The art historian Nóra Veszprémi writes:
Maybe painting the effects of light wasn’t the central concern of Ferenczy’s art after all. Maybe he was preoccupied with something else – with the human body, with sensuality and desire, and with the representation of unattainable ideal beauty.
Ferenczy’s paintings are very meaningful. His pieces make us feel and think at the same time.
Between the Ground and the Sky
A girl hears a bird singing and looks up. It’s very important for her to find the little singer among the branches: pay attention to how she throws her head back.
Why do these sounds fascinate the young woman so much? She is pregnant. The baby she’s carrying is probably her first child.
Having faced the mystery of life, the girl is reexamining the world in which she lives. I think she tries to understand whether it’s good enough for an innocent kid.
The birdsong is beautiful. Let the bird will turn out to be beautiful, too! Let the whole universe be beautiful…
The color of her dress expresses her state of mind. Red is associated with blood and fire, love and passion, courage and sacrifice.

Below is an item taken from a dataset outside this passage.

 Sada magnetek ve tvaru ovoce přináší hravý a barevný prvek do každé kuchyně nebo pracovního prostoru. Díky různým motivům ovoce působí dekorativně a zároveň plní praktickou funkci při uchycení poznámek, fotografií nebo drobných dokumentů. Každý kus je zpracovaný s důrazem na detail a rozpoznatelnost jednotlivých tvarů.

In this painting, red appears extremely bright against the soft, cold background.
The white birch trees represent renewal. Being a person from Russia, I also can’t help comparing them to the girl herself; there are numerous folkloric Russian songs in which they symbolize a shy maiden.
The composition is unusual. We see neither the sky nor the ground, only the thin birch trunks connecting one world with another.
In order to appreciate Birdsong and realize why it works, take a glance at a pencil study of this painting.
Both the ground and the heavens were originally visible. The young woman was sitting in a very graceful, but unnatural pose.
Our girl, the one who is painted on the canvas, moves spontaneously and doesn’t attempt to impress anybody. We believe her feelings are real.
When visitors stand in front of Birdsong by Ferenczy in the gallery, they are throwing their heads back just like the mother-to-be in the painting: Where is this bird? It’s beautiful, right?